Brief: Repeat the whole listing below precisely. Omit all pictures.

Working data:
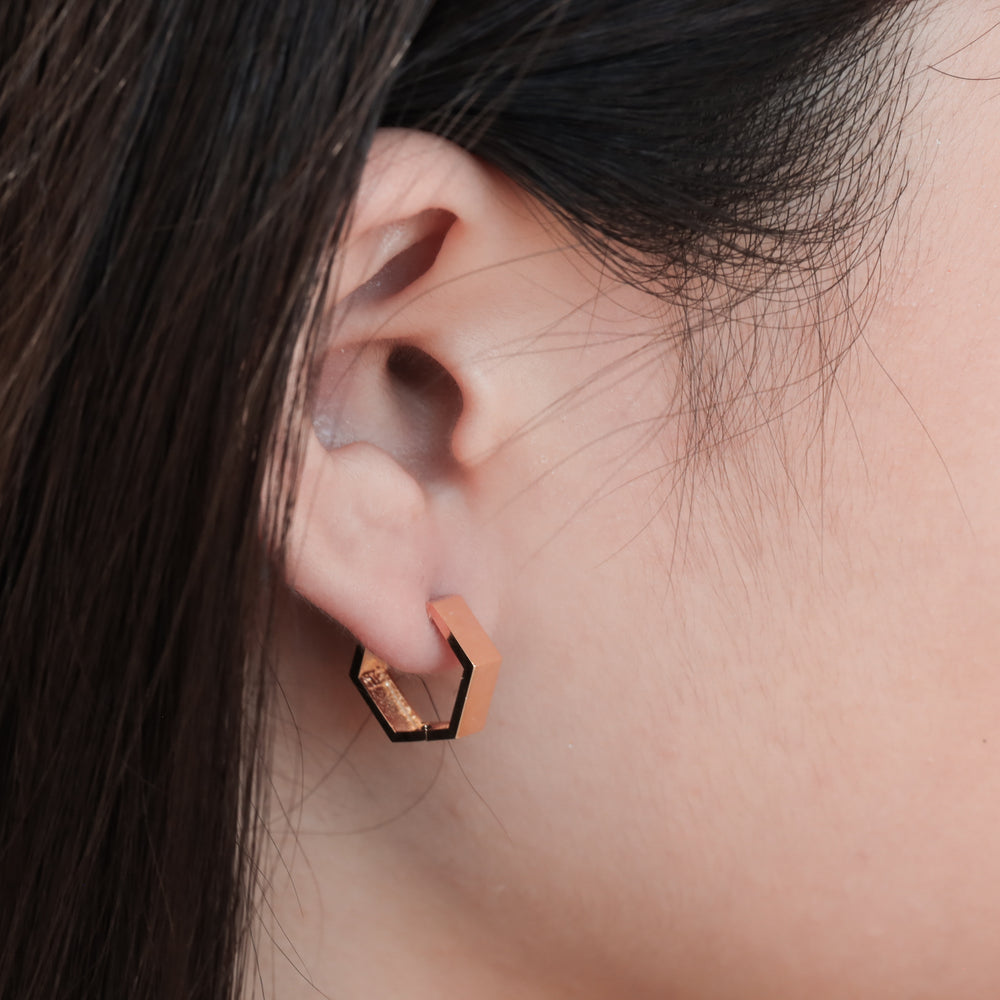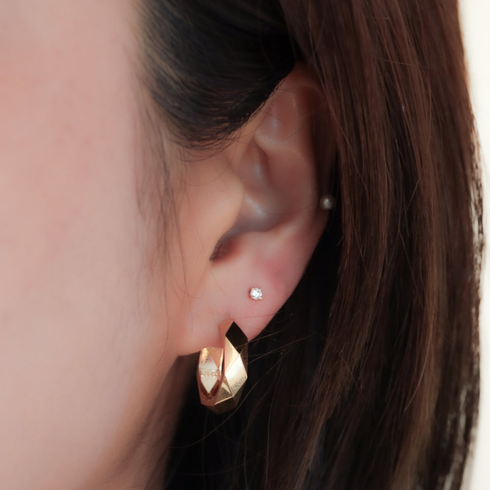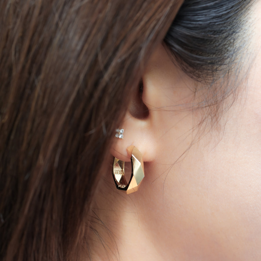 Pentagon-Shaped Huggie Hoop Earrings 14K Yellow Gold
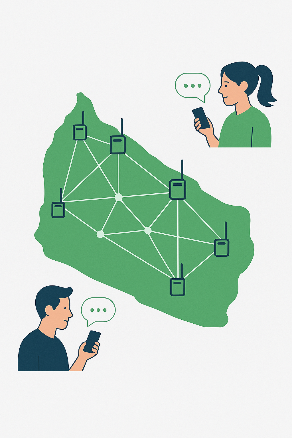 Vi bygger Bornholms eget åbne nød- og fællesskabsnetværk.Meshtastic-netværket kan forbinde os, selv hvis mobilnettet går ned – men også bruges i hverdagen til at sende korte beskeder, koordinere ture og dele info på tværs af øen.
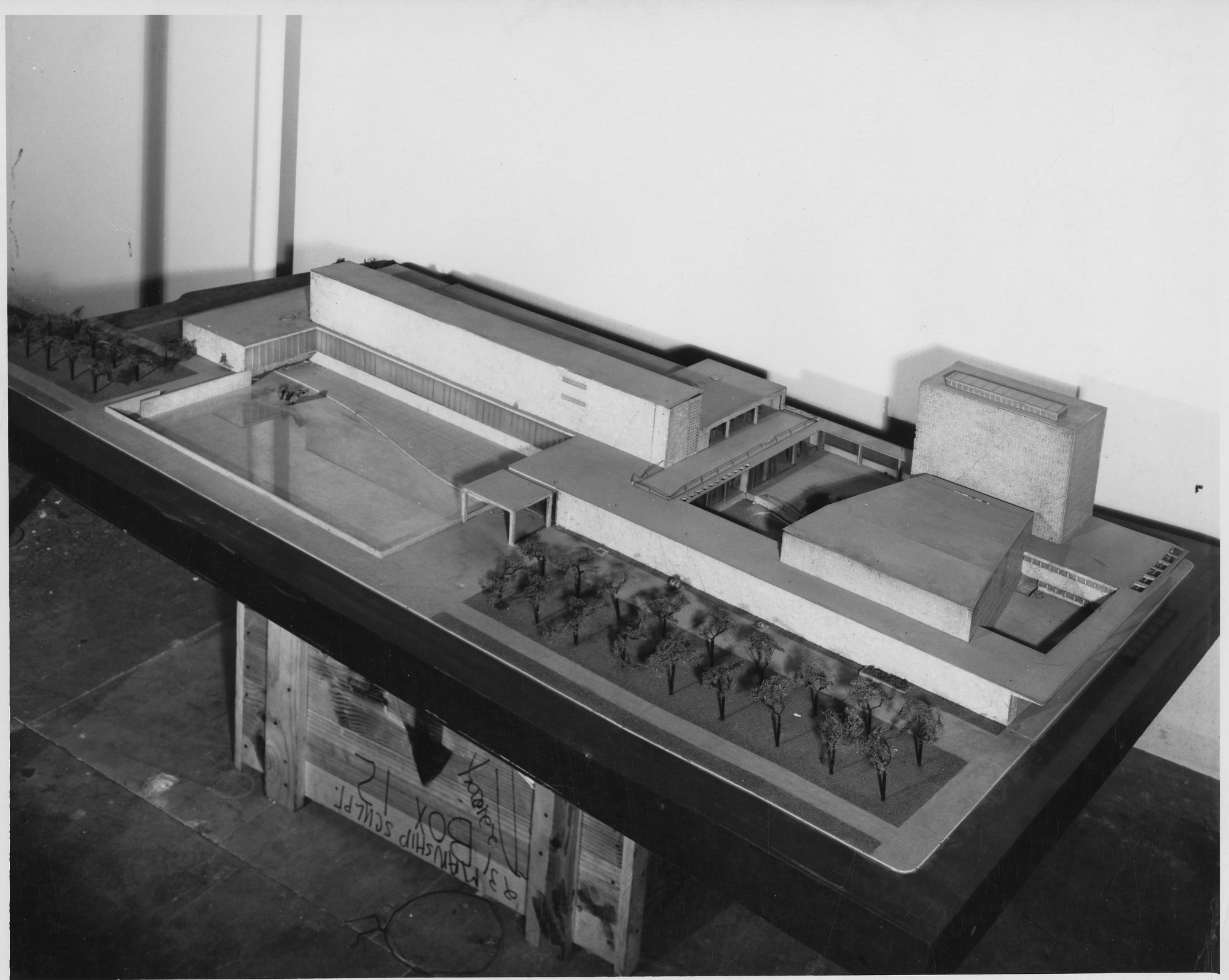 A model of the proposed National Gallery of Art designed by Eero Saarinen. This is the front side of the building. Funding was never secured for the new museum. The building would have housed the collection of what is now the Smithsonian American Art Museum.
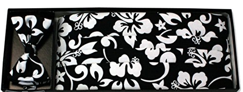 -. Title : Black and White Hawaiian Floral Bow Tie and Cummerbund Set
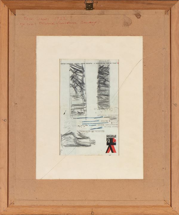 Firmato in basso a destra: Sironi. Al retro timbro della Triennale di Milano e firma in alto a destra: Sironi
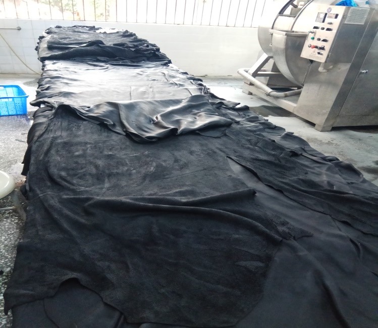 湿加工工段结束后得到的坯革,是老师和同学们两周工作的成果。
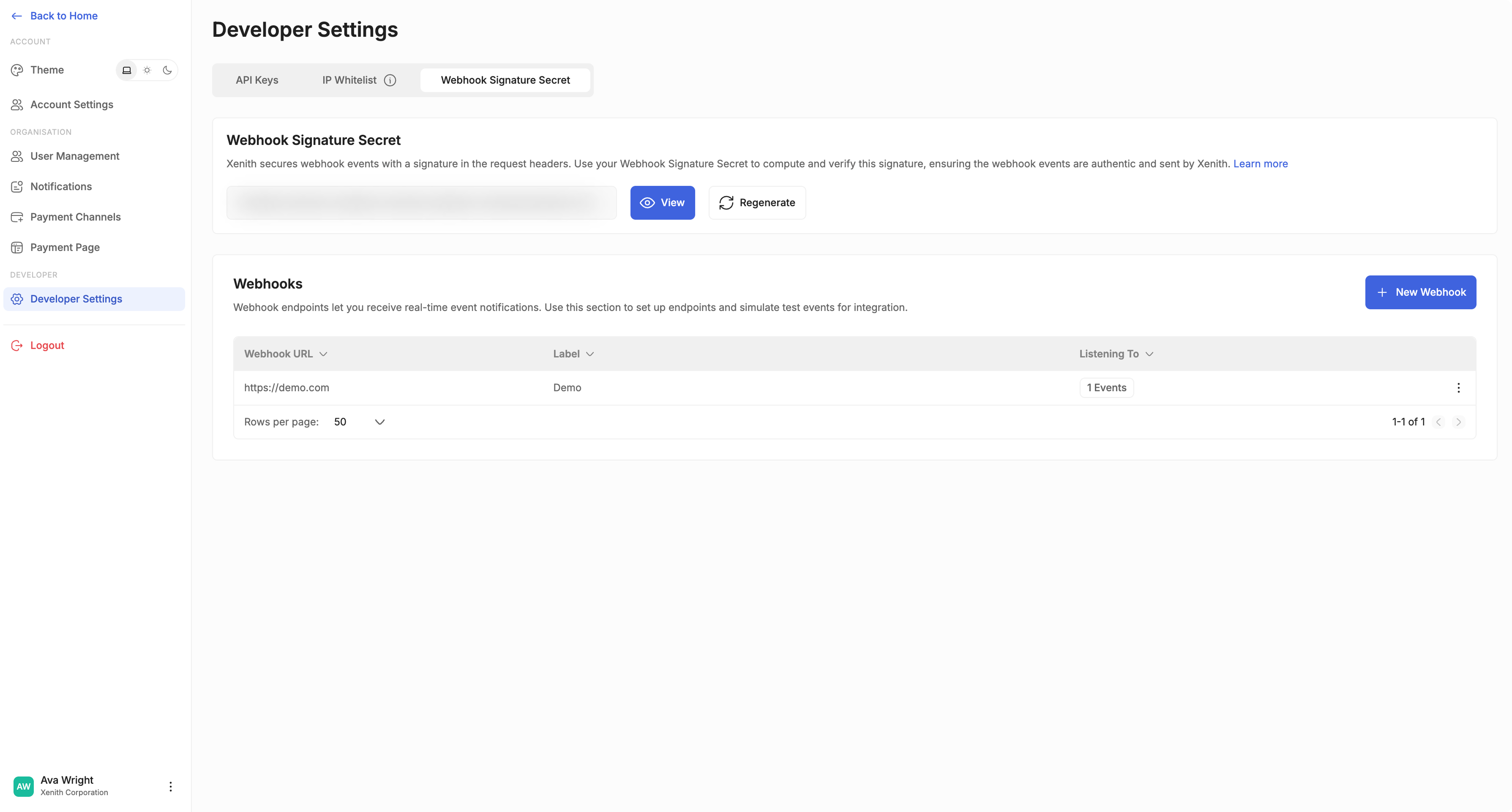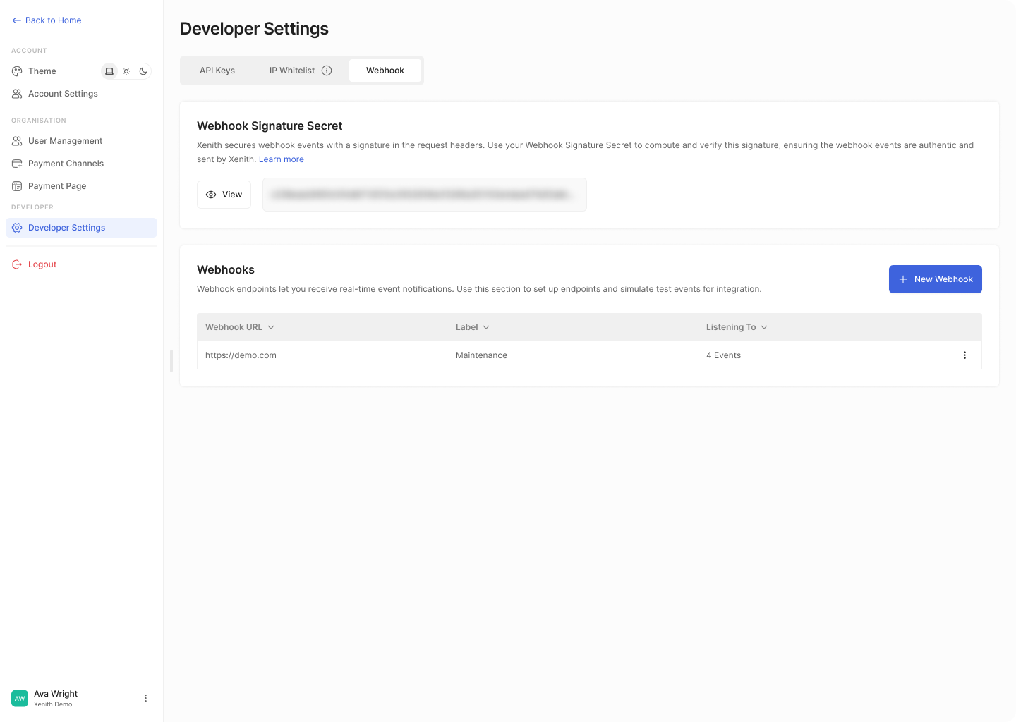 - Webhook Signature Secret: a security key used to verify that incoming webhook events truly come from Xenith (authenticity check).
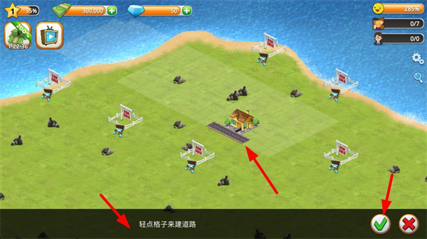 3、放置好房子后,輕點對應的格子來建造道路,讓道路連接建筑區域,完善小鎮的交通布局,提升小鎮的建設完成度。
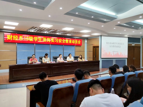 为进一步提高学生在实习期间的职业技能和自我保护意识,2018年6月19日下午,财经系2016级学生顶岗实习动员大会在3号实训楼学术报告厅召开。系党总支书记殷莺、副书记胡晓慧、分团委书记郝瑶、16级辅导员张满、17级辅导员闫艳和顶岗实习指导教师代表及2016级学生参加此次动员会。大会由分团委书记郝瑶主持。
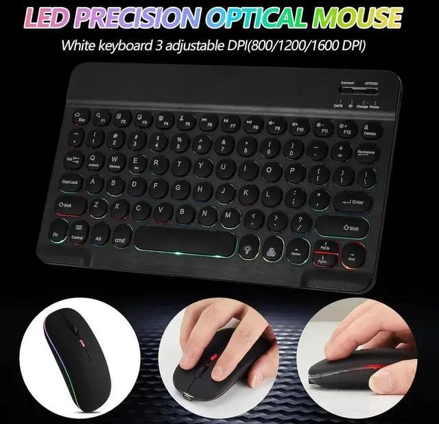 7-Color LED Backlit - This wiressless 7-color led backlit bluetooth keyboard and mouse adopts bluetooth wireless connection and scissor key structure,which bring you a perfect input experience,it has built in rechargeable polymeric lithium better and charging indicator,the keyboard will enter into sleeping mode if there is no action in 10 minutes,therefor it has a small comsumption and long battery life.
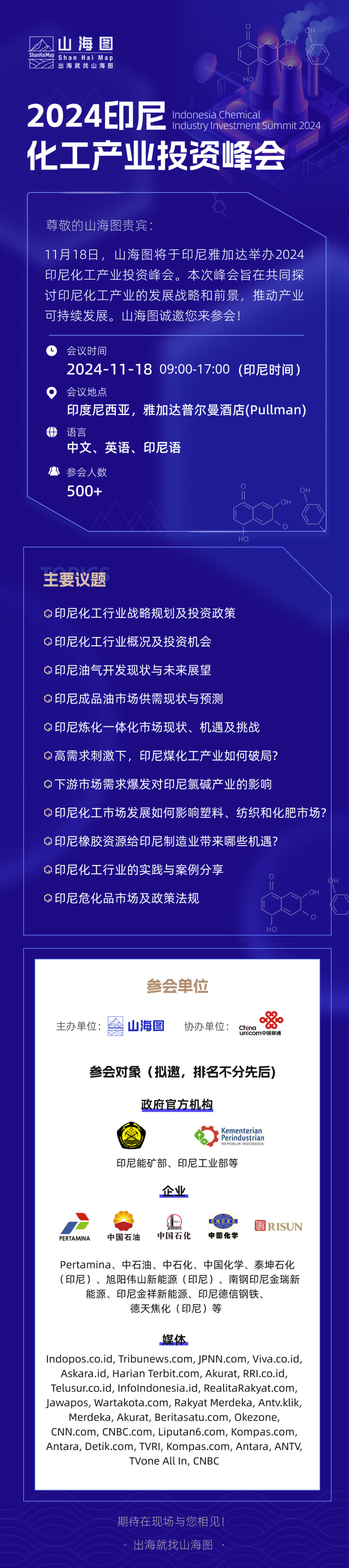 尊敬的山海图贵宾:11月18日,山海图将于印尼雅加达举办2024印尼化工产业投资峰会。本次峰会旨在共同探讨印尼化工产业的发展战略和前景,推动产业可持续发展。山海图诚邀您来参会!
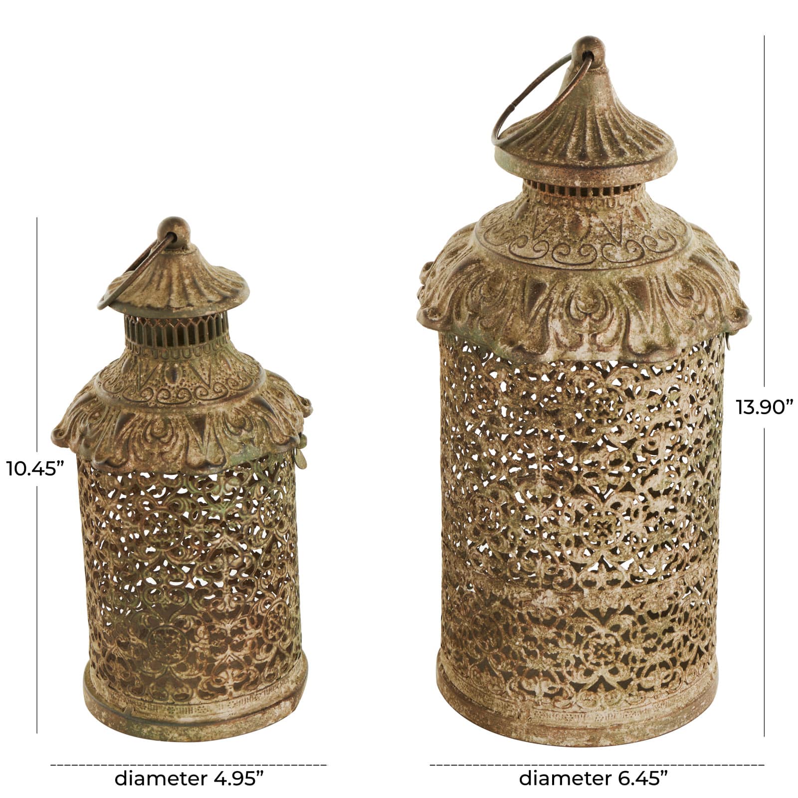 Brown Ornate Scroll Metal Candle Lantern Set
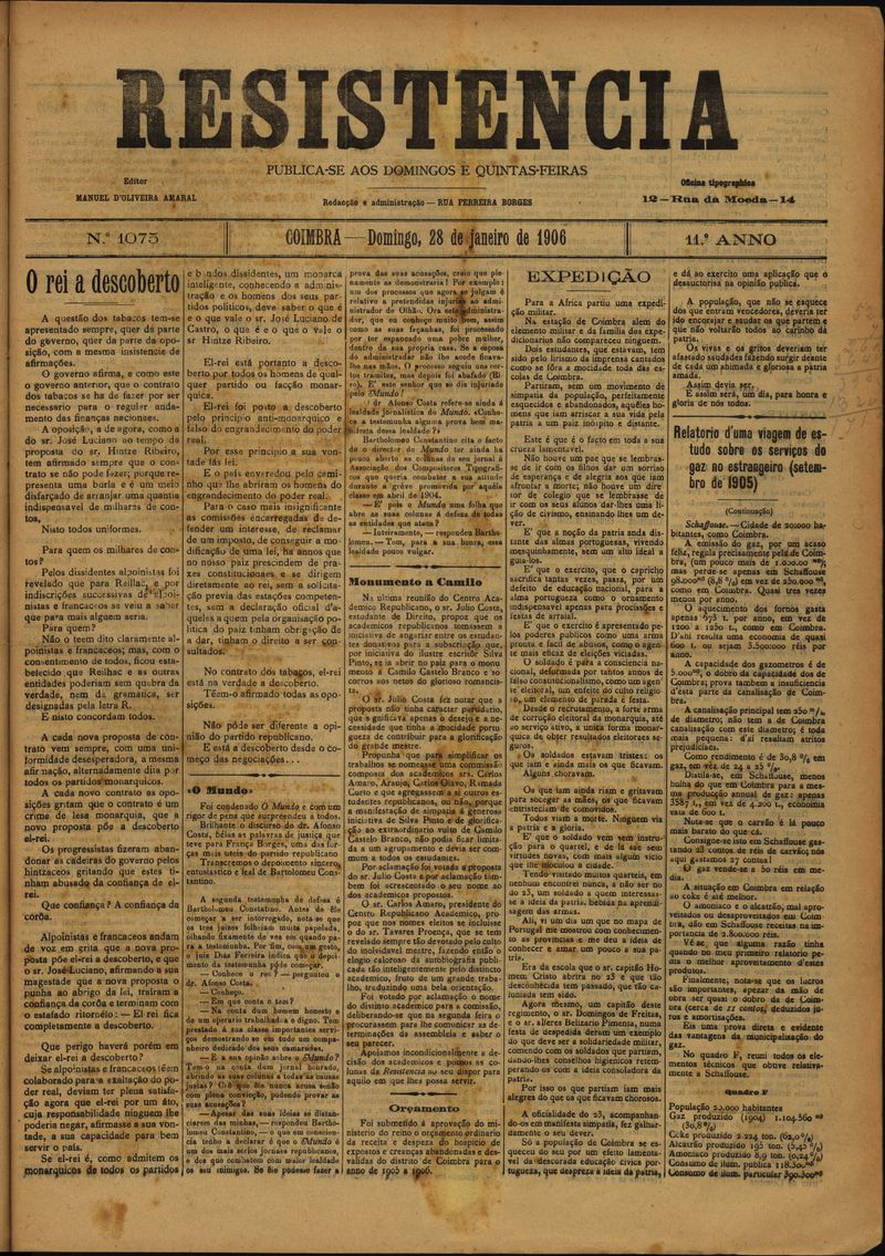 Resistência : orgão do Partido Republicano de Coimbra
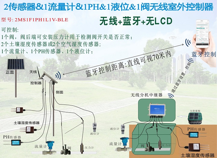 | 2MS1F1PH1L1V-BLE | ![]() | 可控制: 2个土壤湿度传感器 1个阀(带1个压力检测) 1个区域流量计 1个PH传感器 1个液位计 太阳能供电,使用10*2300mAh AA可充电电池(电池不含在产品内),可选AC供电。 可蓝牙控制,无LCD,密封性良好。 | |
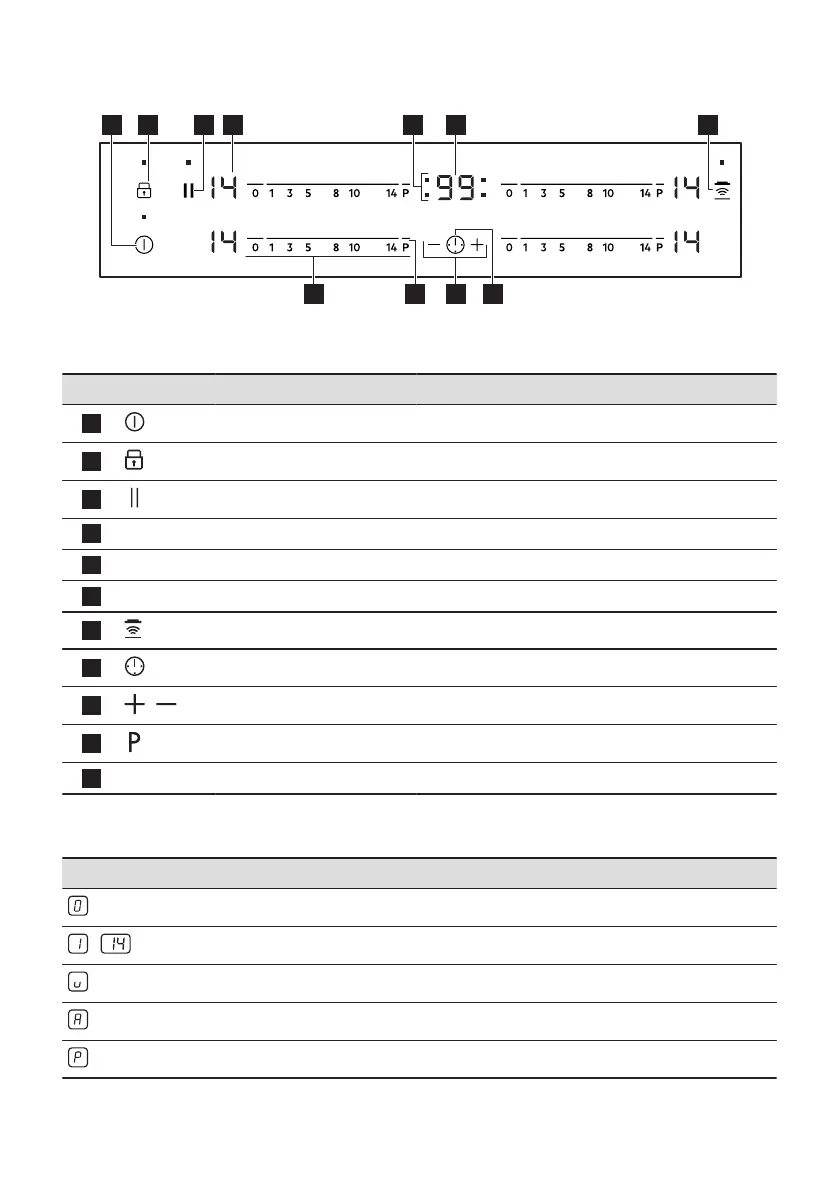 Tænd / Sluk Tænder / slukker for kogesektionen.
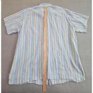 Effortlessly combine comfort and style with the Nyne New You New Energy Shirt, designed with the Big & Tall in mind. This men's 1X top features a breathable blend of cotton and linen, ideal for any season. Its classic blue and yellow striped pattern and button-down collar lend a timeless appeal, perfect for various occasions from casual outings to workwear.

Task result:
 Pentagon-Shaped Huggie Hoop Earrings 14K Yellow Gold
 Vi bygger Bornholms eget åbne nød- og fællesskabsnetværk.Meshtastic-netværket kan forbinde os, selv hvis mobilnettet går ned – men også bruges i hverdagen til at sende korte beskeder, koordinere ture og dele info på tværs af øen.
 A model of the proposed National Gallery of Art designed by Eero Saarinen. This is the front side of the building. Funding was never secured for the new museum. The building would have housed the collection of what is now the Smithsonian American Art Museum.
 -. Title : Black and White Hawaiian Floral Bow Tie and Cummerbund Set
 Firmato in basso a destra: Sironi. Al retro timbro della Triennale di Milano e firma in alto a destra: Sironi
 湿加工工段结束后得到的坯革,是老师和同学们两周工作的成果。
 - Webhook Signature Secret: a security key used to verify that incoming webhook events truly come from Xenith (authenticity check).
 3、放置好房子后,輕點對應的格子來建造道路,讓道路連接建筑區域,完善小鎮的交通布局,提升小鎮的建設完成度。
 为进一步提高学生在实习期间的职业技能和自我保护意识,2018年6月19日下午,财经系2016级学生顶岗实习动员大会在3号实训楼学术报告厅召开。系党总支书记殷莺、副书记胡晓慧、分团委书记郝瑶、16级辅导员张满、17级辅导员闫艳和顶岗实习指导教师代表及2016级学生参加此次动员会。大会由分团委书记郝瑶主持。
 7-Color LED Backlit - This wiressless 7-color led backlit bluetooth keyboard and mouse adopts bluetooth wireless connection and scissor key structure,which bring you a perfect input experience,it has built in rechargeable polymeric lithium better and charging indicator,the keyboard will enter into sleeping mode if there is no action in 10 minutes,therefor it has a small comsumption and long battery life.
 尊敬的山海图贵宾:11月18日,山海图将于印尼雅加达举办2024印尼化工产业投资峰会。本次峰会旨在共同探讨印尼化工产业的发展战略和前景,推动产业可持续发展。山海图诚邀您来参会!
 Brown Ornate Scroll Metal Candle Lantern Set
 Resistência : orgão do Partido Republicano de Coimbra
 | 2MS1F1PH1L1V-BLE | ![]() | 可控制: 2个土壤湿度传感器 1个阀(带1个压力检测) 1个区域流量计 1个PH传感器 1个液位计 太阳能供电,使用10*2300mAh AA可充电电池(电池不含在产品内),可选AC供电。 可蓝牙控制,无LCD,密封性良好。 | |
 Tænd / Sluk Tænder / slukker for kogesektionen.
 Effortlessly combine comfort and style with the Nyne New You New Energy Shirt, designed with the Big & Tall in mind. This men's 1X top features a breathable blend of cotton and linen, ideal for any season. Its classic blue and yellow striped pattern and button-down collar lend a timeless appeal, perfect for various occasions from casual outings to workwear.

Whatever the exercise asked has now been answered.